David Miliband: That is certainly the issue in respect of Mugabe’s attendance at the Food and Agriculture Organisation summit. I agree that the full force of international law must be felt for anything involving breaches of human rights.

Mr. Edward Davey (Kingston and Surbiton) (LD): The Foreign Secretary will know that in the past few years, the European Union has given the Southern African Development Community countries €50 million to support better governance and democracy and so on. Will he ensure that the European Council sends the clear message to SADC that its countries must put pressure on the Mugabe regime both before the election and after it if, as we all fear, Mugabe steals it with his intimidation, violence and vote rigging? SADC countries must stand up to him and not go down the path that Mbeki has taken.

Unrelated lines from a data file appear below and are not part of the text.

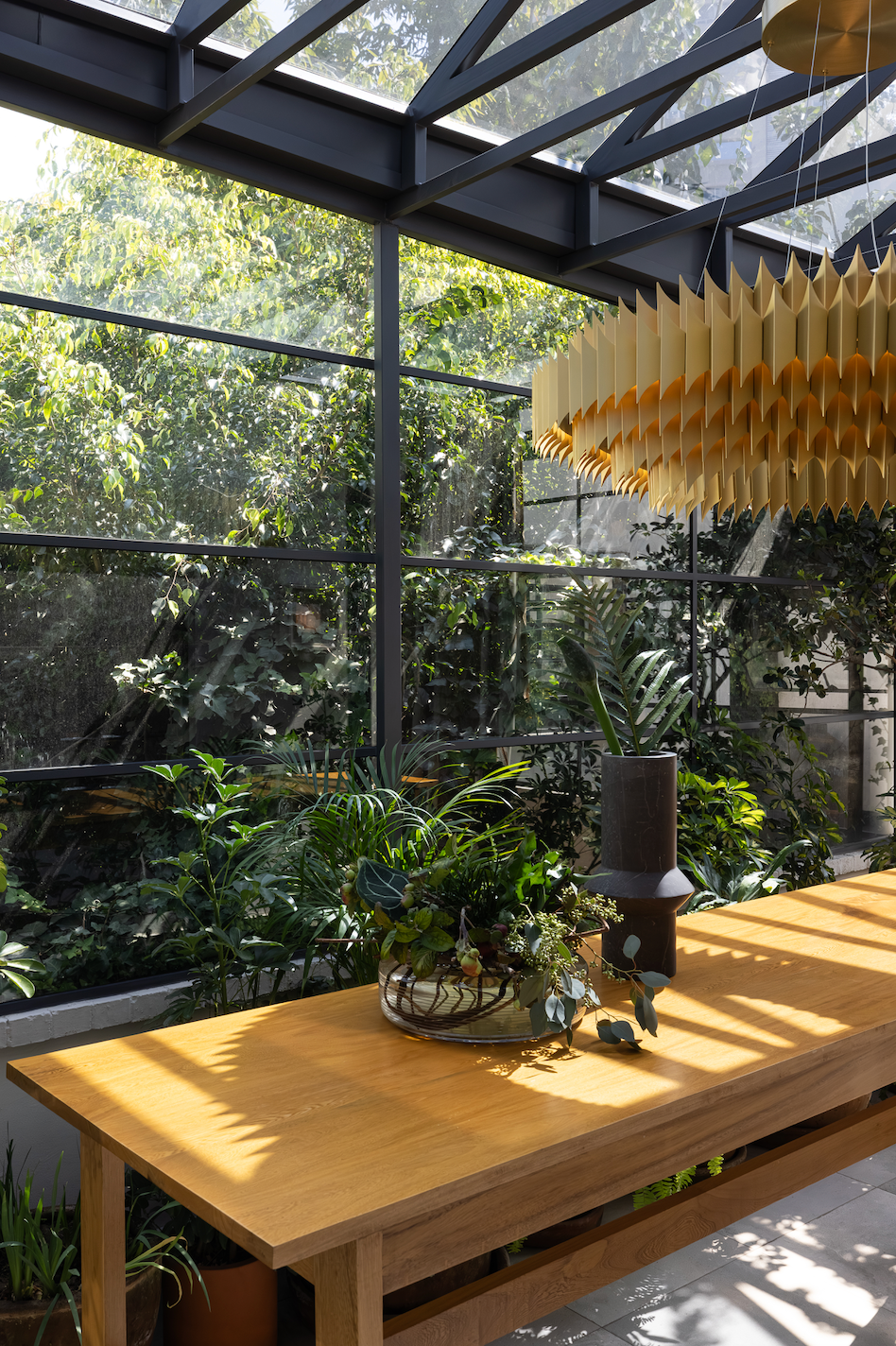 The verdancy of the garden juxtaposes with Broom's King pendant
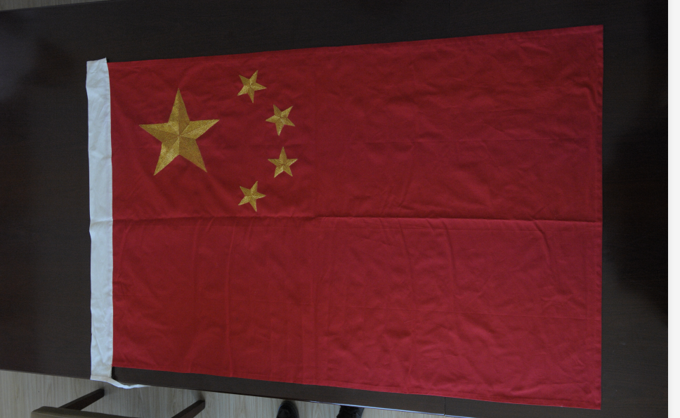 绣制完成的五星红旗整体豪放大气,细微之处严谨细腻。
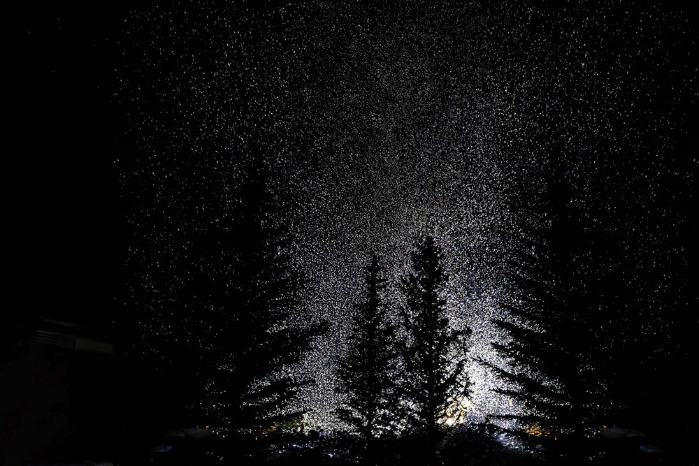 Co jsou ty jiskřičky zač? Jsou to bublinky ze sacharidových polymerů. Luminiscenční, světélkující. A též světlo částečně absorbující, emitující do okolí. Vypouštěné do vzduchu ze zásobníků, hnané k nebesům větrákem. Kde bez hluku a výbuchů, zápachu a oblaků dýmu zazáří. A pak? Jistě, po čase spadnou na zem. Jsou totiž lehoučké jako vločky. A protože jsou na biologické bázi, rozloží se, roztají. Ráno už na sněhu nebudou. Žádné odpady tedy v místě „aplikace“ nevznikají.
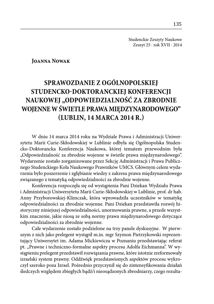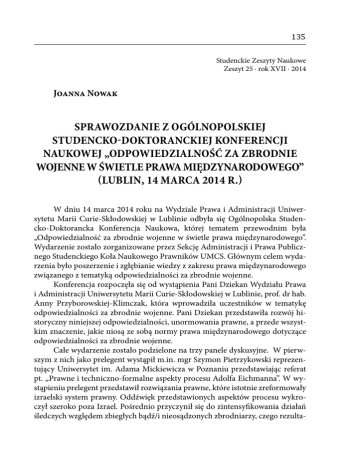 135 Studenckie Zeszyty Naukowe Zeszyt 25 ∙ rok XVII ∙ 2014 Joanna Nowak Sprawozdanie z Ogólnopolskiej Studencko-Doktoranckiej Konferencji Naukowej „Odpowiedzialność za zbrodnie wojenne w świetle prawa międzynarodowego” (Lublin, 14 marca 2014 r.) W dniu 14 marca 2014 roku na Wydziale Prawa i Administracji Uniwersytetu Marii Curie-Skłodowskiej w Lublinie odbyła się Ogólnopolska Studencko-Doktorancka Konferencja Naukowa, której tematem przewodnim była „Odpowiedzialność za zbrodnie wojenne w świetle prawa międzynarodowego”. Wydarzenie zostało zorganizowane przez Sekcję Administracji i Prawa Publicznego Studenckiego Koła Naukowego Prawników UMCS. Głównym celem wydarzenia było poszerzenie i zgłębianie wiedzy z zakresu prawa międzynarodowego związanego z tematyką odpowiedzialności za zbrodnie wojenne. Konferencja rozpoczęła się od wystąpienia Pani Dziekan Wydziału Prawa i Administracji Uniwersytetu Marii Curie-Skłodowskiej w Lublinie, prof. dr hab. Anny Przyborowskiej-Klimczak, która wprowadziła uczestników w tematykę odpowiedzialności za zbrodnie wojenne. Pani Dziekan przedstawiła rozwój historyczny niniejszej odpowiedzialności, unormowania prawne, a przede wszystkim znaczenie, jakie niosą ze sobą normy prawa międzynarodowego dotyczące odpowiedzialności za zbrodnie wojenne. Całe wydarzenie zostało podzielone na trzy panele dyskusyjne. W pierwszym z nich jako prelegent wystąpił m.in. mgr Szymon Pietrzykowski reprezentujący Uniwersytet im. Adama Mickiewicza w Poznaniu przedstawiając referat pt. „Prawne i techniczno-formalne aspekty procesu Adolfa Eichmanna”. W wystąpieniu prelegent przedstawił rozwiązania prawne, które istotnie zreformowały izraelski system prawny. Oddźwięk przedstawionych aspektów procesu wykroczył szeroko poza Izrael. Pośrednio przyczynił się do zintensyfikowania działań śledczych względem zbiegłych bądź/i nieosądzonych zbrodniarzy, czego rezulta- 136 tem były kolejne procesy, zwłaszcza w Niemczech Zachodnich w latach 60. i 70 XX wieku. Zgromadzony materiał miał kolosalne znaczenie dla przyszłych badań nad historią Zagłady, przyczyniając się do gwałtownego rozwoju Holocaust Studies od lat 60. Zeznania świadków oskarżenia – najrozleglejsza tematycznie i czasowo część procesu przyczyniły się do „rehabilitacji” osób ocalonych z Zagłady, rozwoju instytucji zajmujących się nagrywaniem i archiwizacją ich świadectw (jak USC Shoah Foundation) oraz wzrostem znaczenia świadków postępowaniu dowodowym. Natomiast, Justyna Nesterak i Kamil Klamer z Uniwersytetu Marii Curie-Skłodowskiej w Lublinie przedstawili pracę dotyczącą wojny domowej w Bośni, w której scharakteryzowali przebieg czystek etnicznych, masowych mordów, działań wojennych, stanu wojsk, uzbrojenia. Prelegenci dokonali również określenie stosunku państw i organizacji międzynarodowych do toczącej się wojny, przedstawili założenia planu Owena-Stoltenberga, a także odpowiedzialność międzynarodowa Karadzica i Mladicia za dokonane przez nich zbrodnie wojenne. Kolejny etap konferencji zapoczątkowało wystąpienie Aleksandry Klimek i Jonasza Gałęziowskiego (UMCS), którzy zaprezentowali specyfikę działania Trybunału Tokijskiego na arenie międzynarodowej, historia jego powołania, charakterystykę rozpatrywanych przez Trybunał spraw. Nadto, analizie zostało poddane wybrane orzecznictwo Trybunału, rozważona została sprawa osądzenia cesarza Hirohito i jego odpowiedzialności za działania wojenne Japonii. Całość rozważań oscylowała wokół podstawy tematyki, jaką jest określenie odpowiedzialności w prawie międzynarodowym. Omówiona została także kwestia tzw. „odpowiedzialności realnej za zbrodnie wojenne”, co w ostateczności doprowadziło do próby odpowiedzi na pytanie, czy realny wymiar kary za zbrodnie wojenne, ustępował miejsca rozlicznym interesom państw zwycięskich oraz czy był odpowiednio realizowany. W kolejnych wystąpieniach dyskutowano m.in. na temat wykorzystania dzieci w konfliktach zbrojnych czy też zbrodni ludobójstwa w Rwandzie. W ostatnim panelu poruszono tematykę odpowiedzialności za zbrodnie popełnione w czasach Demokratycznej Kampuczy, omówiono odpowiedzialność za zbrodnie ludobójstwa w świetle orzeczeń trybunałów międzynarodowych, a w konsekwencji podsumowano kwestię odpowiedzialności karnej za zbrodnie wojenne, jej rozwój, problemy i aspekty prawne. Po każdym panelu trwała ożywiona dyskusja, a całe wydarzenie spotkało się ze sporym zainteresowaniem słuchaczy z uwagi na poruszane przez prelegentów kwestie, często dość kontrowersyjne. Tym samym, tego typu wydarzenia nie tylko skutkują pogłębieniem wiedzy na temat prawa międzynarodowego, ale są także istotne dla poszerzenia świadomości obywateli o skutkach zbrodni wojennych.

David Miliband: The aid that we are giving to boost democracy in African countries should be maintained, but I certainly agree that we must ensure that southern African countries recognise the strength of feeling that exists in this country about the issue. Of course, the strength of feeling exists in their own countries, too. There are 4 million refugees outside Zimbabwe, which means that there is no chance of a free and fair election because they will not have a chance to vote. Those people are a burden on the rest of southern Africa.

Mr. Philip Hollobone (Kettering) (Con): Will the Foreign Secretary give way?

David Miliband: No. I am going to make some progress. [ Interruption. ] Oh, I had promised my hon. Friend the Member for Birmingham, Edgbaston that I would give way to her on the issue. I am terribly sorry.

Ms Gisela Stuart (Birmingham, Edgbaston) (Lab): Will the Foreign Secretary look again at the recommendation from the Select Committee on Foreign Affairs, which makes it clear that one thing that the Government could do is withdraw President Mugabe’s knighthood?

David Miliband: That is one thing that we could do, but now is not the time to play Mugabe’s game and make the issue a dispute between him and Britain; now is the time to make the issue the two different visions for the future of Zimbabwe. Obviously, my hon. Friend is right that that recommendation is an option.

Mr. Hollobone: What practical steps will the Foreign Secretary propose at the European summit to get international observers into Zimbabwe before the second round of elections takes place?